Une supplémentation pour les mères et/ ou les bébés est-elle nécessaire ?

En dehors du fait qu’une femme allaitante n’a besoin de suivre aucune restriction particulière concernant son alimentation, contrairement à la période de grossesse (et je parle ici uniquement de l’alcool et des précautions particulières liées à la toxoplasmose), je fais ici le point sur les apports en nutriments de façon plus détaillée.

Avant toute chose, je veux préciser que le lait d’une mère pour son enfant a une valeur incomparable, et sera toujours l’aliment optimal pour son bébé, quelle que soit son alimentation. En dehors des cas de dénutrition sévère, le lait maternel sera toujours parfaitement adapté et couvrira tous les besoins du bébé, car le corps de la femme privilégiera la stabilité de la composition du lait maternel.

Il est toutefois intéressant à mon sens de se pencher plus en détail sur la nutrition de la mère pour comprendre comment elle influence la composition du lait maternel d’abord, et comment elle peut répondre de façon optimale aux besoins de l’enfant sans carencer la mère qui subvient aux besoins du bébé.

J’avais évoqué dans cet article la supplémentation maternelle en vitamine D, qui permet de répondre aux besoins à la fois de la mère allaitante et du bébé. L’article d’aujourd’hui s’appuiera notamment sur une étude de 2015 qui s’est penchée sur le sujet et nous offre un large éventail d’informations.

Tout d’abord, il est important de souligner que la composition du lait maternel en fonction du régime alimentaire de la mère a été peu étudié. Les diverses études réalisées s’accordent pour dire que la composition et le volume du lait maternel répondent toujours aux besoins de l’enfant en croissance, sauf dans les cas de sévère malnutrition. Ainsi, la composition du lait maternel est dans les grandes lignes constante, et n’est affectée que sélectivement par le régime alimentaire maternel. Le lait de toutes les mères, même celles qui sont dénutries, a d’excellentes propriétés nutritionnelles et immunologiques. Le corps de la mère priorise toujours les besoins du bébé, et, ainsi, la plupart des nutriments comme le fer, le zinc, le cuivre, l’acide folique ou le calcium continuent d’être excrétés en quantité constante, aux dépends des réserves de la mère le cas échéant.

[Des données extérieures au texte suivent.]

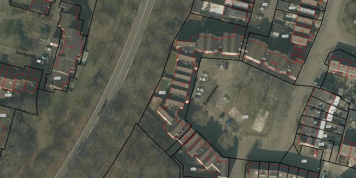 Het perceel waarop Boletenplein 29 staat heeft een oppervlakte van 1886 m². Dit is een zeer groot perceel. De perceeloppervlakte wordt geregistreerd door het Kadaster. Gedetailleerde informatie over de maten van dit perceel kunt u vinden in het rapport Kadastrale kaart met maatvoering van Boletenplein 29.
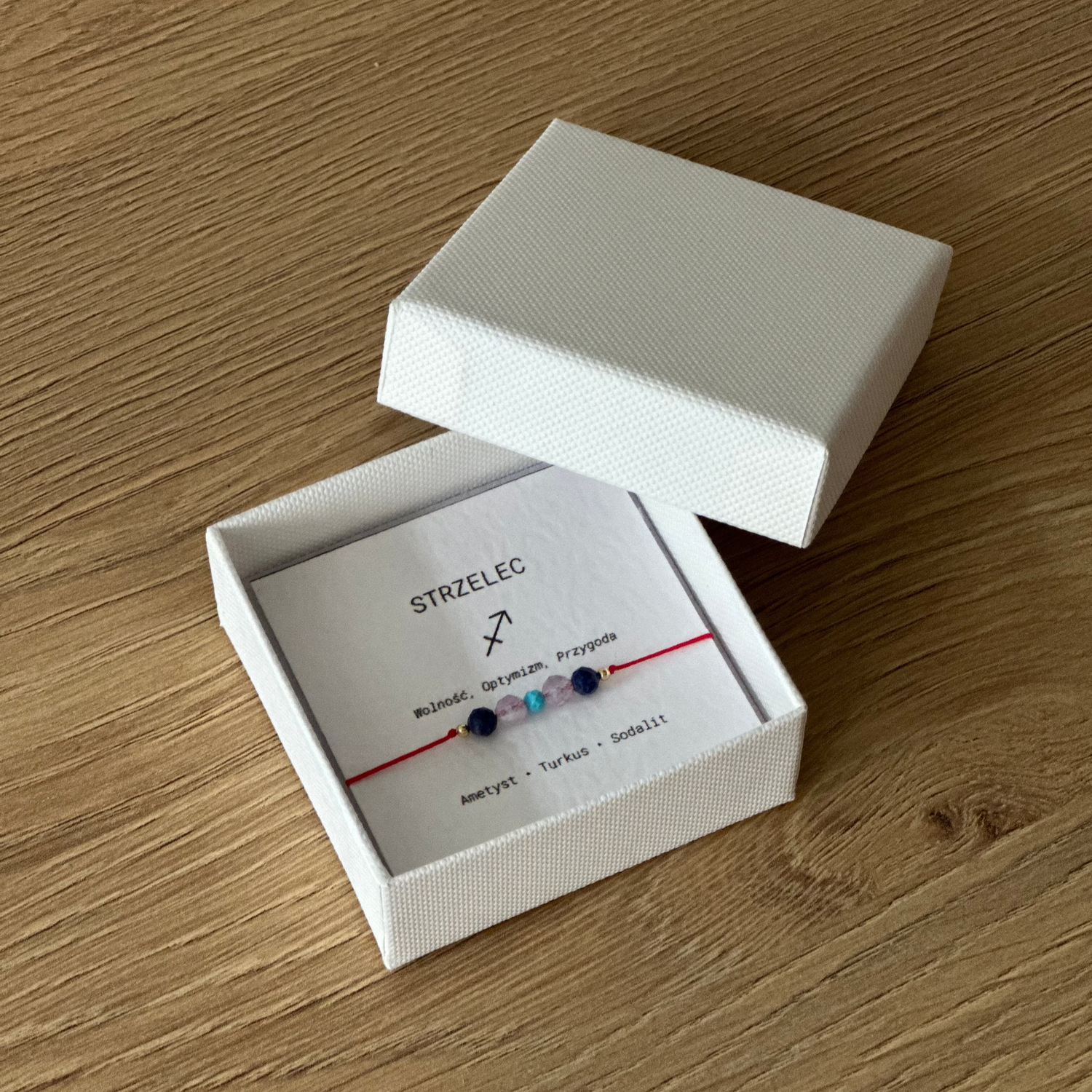 Bransoletka z naturalnych kamieni – ametystu, turkusu i sodalitu – stworzona dla optymistycznych i pełnych energii Strzelców. Wprowadza duchową głębię, chroni w podróżach oraz wspiera klarowne, logiczne myślenie. Idealny talizman dla osób kochających wolność i rozwój.
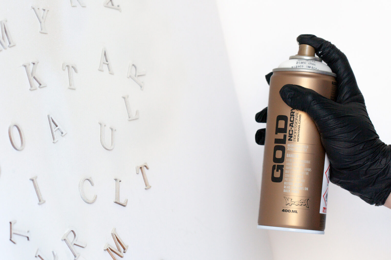 Select a few letters and spray them with the Brown GRANIT Effect. The granulate in the paint creates a subtle stone-like texture, giving the letters a natural, earthy character.
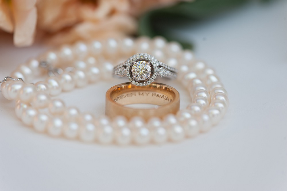 Lauren donned a Morilee wedding dress from the Blu Collection, which she purchased from Brilliant Bridal in Phoenix and came with a sweetheart neckline and a ballgown skirt with a train. A lengthy veil was pinned in her hair with a jeweled headband, and she wore a single strand of pearls. She held a large bouquet of white roses and hydrangeas, and her bridesmaids held bouquets of coral and pink roses and white hydrangeas. They wore tea-length, brilliant red dresses with varying necklines.
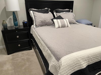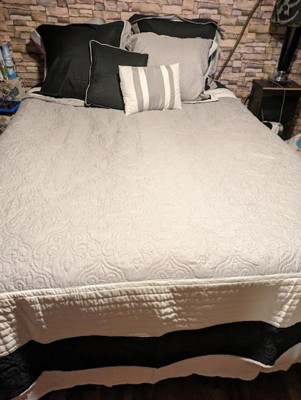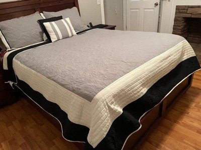 Q: I am looking at the 7 piece Longmont coverlet set that is beige or black. what are the actual colors of the "black" set? specifically is it white or ivory and is it charcoal or black ?
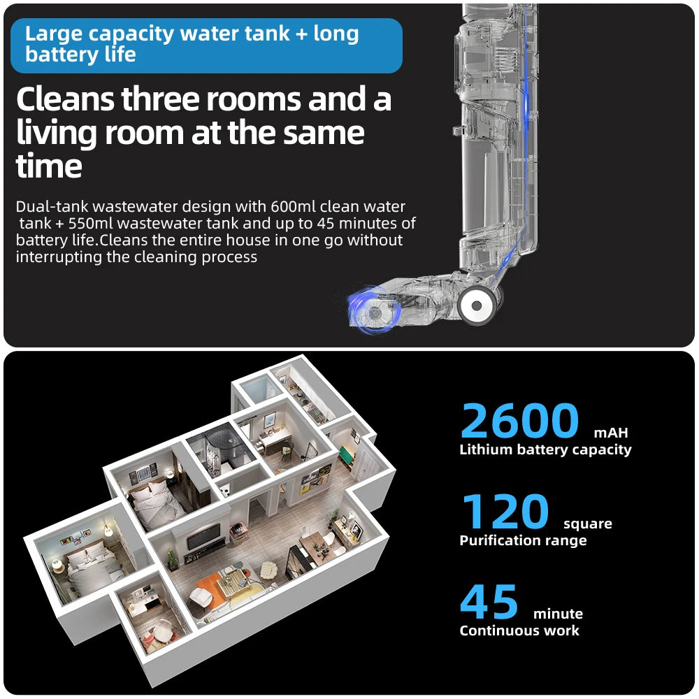 3 in 1 vacuum mopVacuuming, mopping and drying in one step; The vacuum cleaner with mopping function only needs to be charged once, can work continuously for 45 minutes and thoroughly clean a 200 square meter room. for tile, laminate, marble and hardwood floors; light and comfortable, quiet and powerful suction.
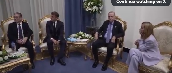 На маргините на мировниот самит за Газа, одржан во Египет, камерите забележаа кратка, но духовита размена меѓу турскиот претседател Реџеп Таип Ердоган, италијанската премиерка Џорџа Мелони и францускиот претседател Емануел Макрон.
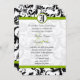 Vintage Patrones modernos de damasquinados florales en blanco y negro con invitaciones de Apple Green Trim Wedding. Perfecto para el barroco rococó, el renacimiento medieval, el Art Nouveau Art Deco, el Gatsby Roaring de los años 20, los Bodas victorianos o los elegantes locales temáticos de los Bodas de la granja.
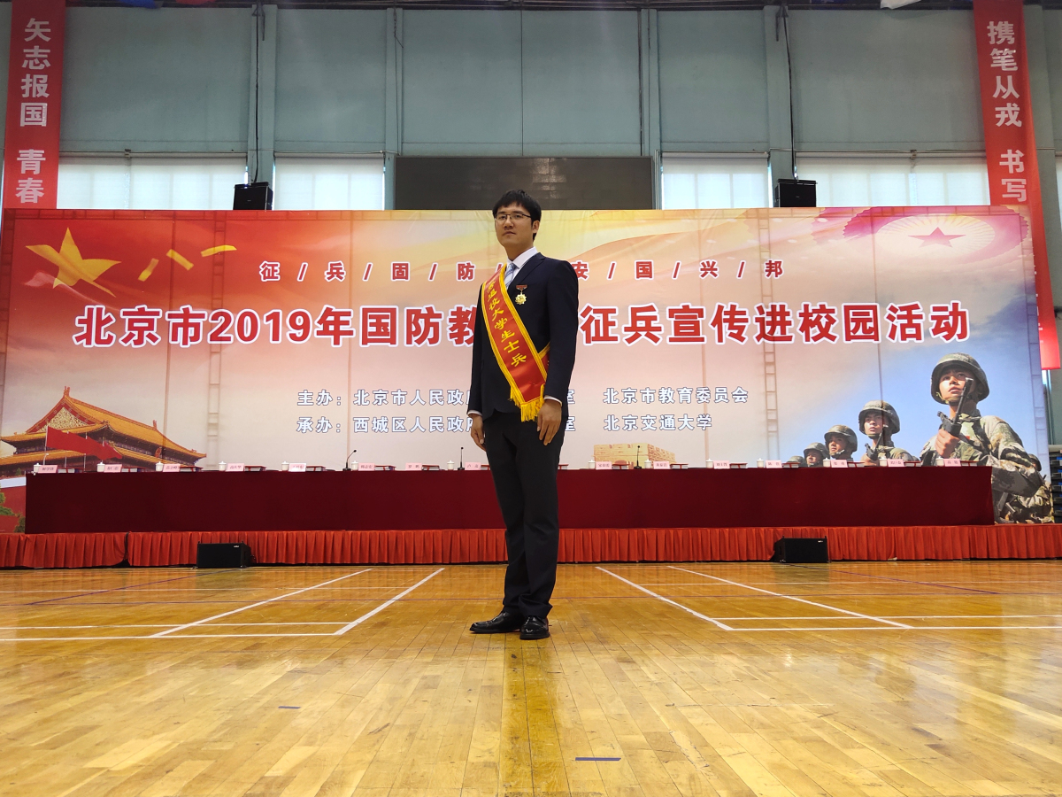 5月11日下午,北京市2019年国防教育暨征兵宣传进校园活动在北京交通大学体育馆举行。w66利来旗舰厅研究生刘晨阳同学获评2019年度北京市优秀在校退役老员工士兵,并入选北京市优秀退役老员工士兵宣讲团。
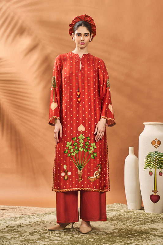 SAGE GREEN TREE OF HEARTS ANGRAKHA KURTA SET
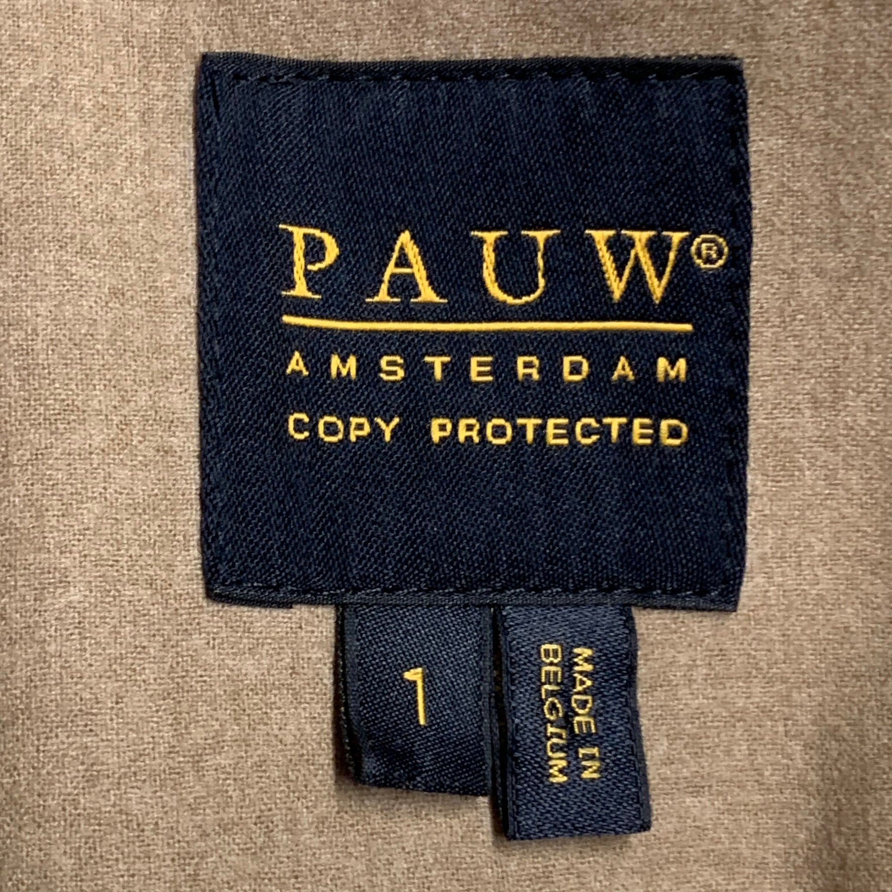 PAUW blazer in a beige wool stretch blend fabric featuring a shawl lapel, pleated back, and double ties closure. Made in Belgium.

La teneur en nutriments du lait maternel dépend en effet de 2 sources :

  • les réserves maternelles
  • les sources alimentaires

Les quantités de glucides, protéines, lipides, calcium et fer ne varient que peu, même si la mère a un régime alimentaire pauvre en nutriments de ce type. Par contre, le type de lipides, lui, est affecté, et un régime défaillant en thiamine (vitamine B1), ou en vitamine A et D conduira à des quantités plus faibles de ces nutriments dans le lait maternel.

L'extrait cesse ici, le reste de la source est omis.